Griffbereite Behandlungsdaten, weniger Doppeluntersuchungen, ein reibungsloser Informationsfluss zwischen Arztpraxen, Kliniken und Apotheken – die elektronische Patientenakte (ePA) soll die Gesundheitsversorgung effizienter und transparenter machen. Inzwischen haben die Krankenkassen über 70 Millionen gesetzlich Versicherte mit einer digitalen Akte ausgestattet. Doch der flächendeckende Einsatz verzögert sich. Technische Herausforderungen und die Verbesserung der Sicherheit bleiben dabei zentrale Themen.
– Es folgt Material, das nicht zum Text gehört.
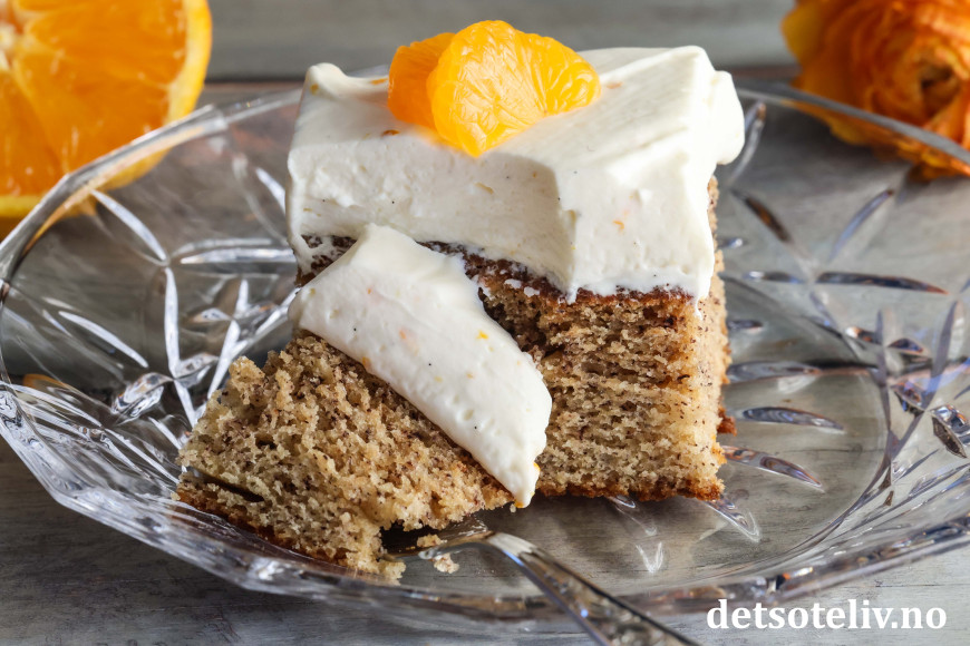 ♥ Kaken kan fryses uten mascarponekrem, men er ikke like godt egnet til frysing etter at den er pyntet med mascarponekrem og mandariner. Mascarponekremen kan bli litt kornete og rennende ved tining.
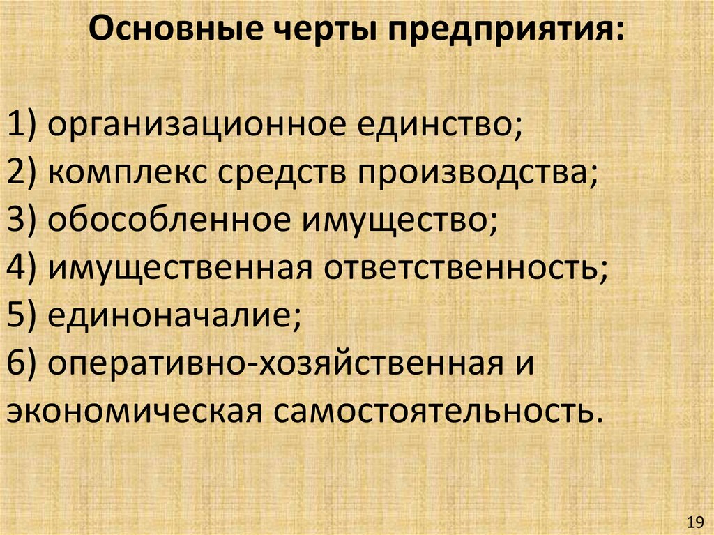 Основные черты предприятия:1) организационное единство;
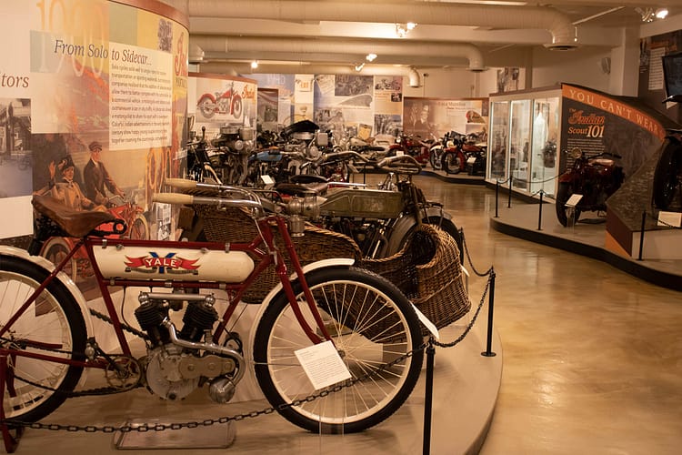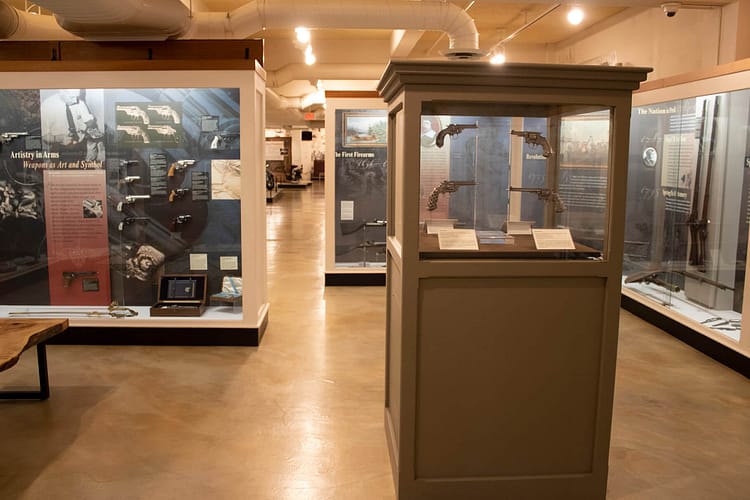 The back of the first floor had glass cases full of items manufactured in the Springfield Valley region. Violins, motorcycles, games, and safety glass just to name a few. Upstairs, dozens of Indian motorcycles reminded me of the Harley Davidson Museum in Milwaukee. The other half of the second floor was more or less a municipal history gallery featuring old storefronts and a weapons gallery sponsored by Smith & Wesson.
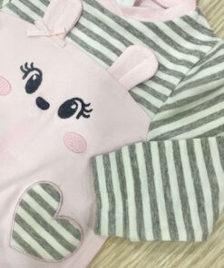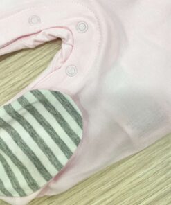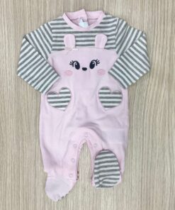 Tutina intera neonata in cotone, di colore rosa, panna e grigio, con dettaglio in rilievo.
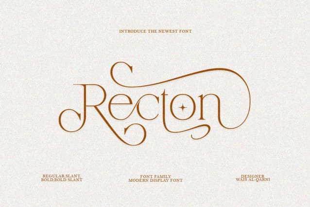 A trendy, classy & modern style serif font for your fancy projects. Elegant, fashion and classic style in the Recton font will be great for any branding project. Many alternatives and binders will help you create a unique and original logo or website header design.

ein Mann mittleren Alters steht am Tresen einer Praxis und gibt einer Arzthelferin seine Krankenkassenkarte
Die Pilotphase zur elektronischen Patientenakte (ePA) hat begonnen.
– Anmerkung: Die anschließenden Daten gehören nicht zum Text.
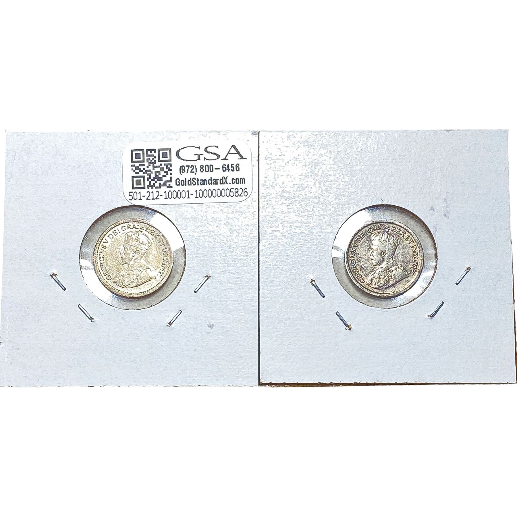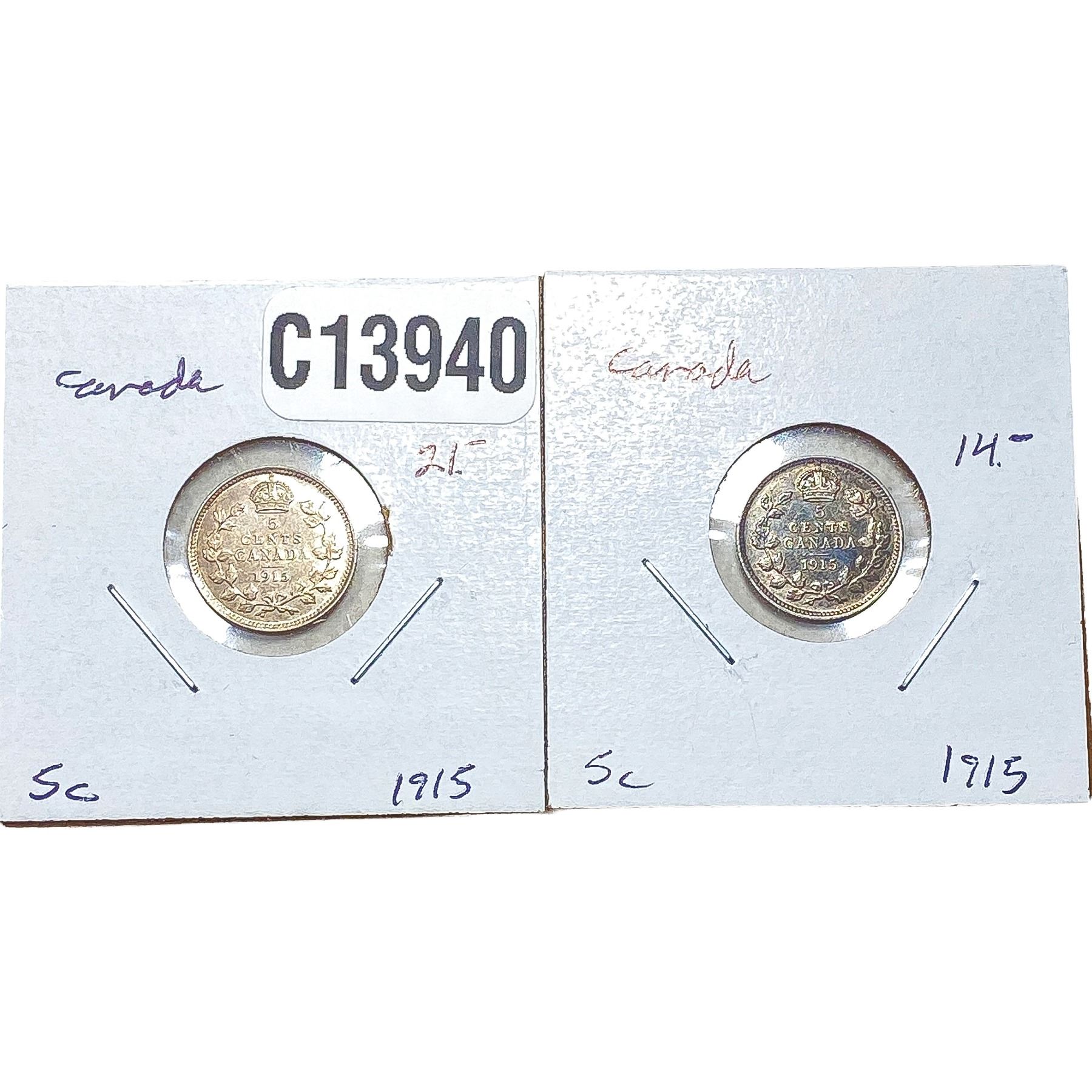 [2] 1915 KEY DATE Canada 5 Cent Silver [2 Coins]

Anfang Februar war es soweit. 26,4 Millionen digitale Akten hat die AOK für ihre Versicherten angelegt. Nur knapp 3,8 Prozent der AOK-Versicherten hatten zu diesem Zeitpunkt dem Anlegen einer ePA widersprochen. „Damit ist der erste entscheidende Schritt getan“, erklärt Dr. Carola Reimann, Vorstandsvorsitzende des AOK-Bundesverbandes. „Nun gilt es, Arztpraxen, Krankenhäuser und weitere Leistungserbringer sicher anzuschließen und in der praktischen Anwendung der ePA zu trainieren.“ Ziel sei es, die Akten schnell mit Inhalten zu füllen und damit die Versorgung der Patienten zu verbessern.

Derzeit wird die ePA in drei Modellregionen mit etwa 300 teilnehmenden Einrichtungen erprobt: in Hamburg und Umland, Franken sowie in Teilen Nordrhein-Westfalens. Die Pilotphase soll vor dem bundesweiten Roll-out reibungslose Abläufe bei allen beteiligten Akteuren gewährleisten und dabei helfen, Probleme zu erkennen und zu beheben. Viele Arztpraxen und Kliniken haben aktuell noch mit technischen und organisatorischen Hürden zu kämpfen und berichten, die ePA noch nicht richtig testen zu können.

Testphase zeigt noch viele Hürden

Bei den niedergelassenen Ärzten zeigt sich bislang ein gemischtes Bild. „Obwohl die Testphase in den Modellregionen seit vier Wochen läuft, ist das Ergebnis bislang sehr ernüchternd: Noch immer kann von den rund 230 Testpraxen erst ein Drittel fehlerfrei auf die ePA zugreifen. Wir können also noch gar nicht sagen, ob die ePA funktioniert.“, sagt Dr. Sibylle Steiner, Vorstandsmitglied der Kassenärztlichen Bundesvereinigung (KBV). Die Erprobungspraxen seien motiviert, doch „ihnen sind oft noch die Hände gebunden“. Hier hapert nach Angaben der KBV auch bei der Implementierung des ePA-Moduls in die Praxisverwaltungs-Software der Praxen: Knapp ein Viertel, so die KBV auf ihrer Website, habe überhaupt noch kein ePA-Modul.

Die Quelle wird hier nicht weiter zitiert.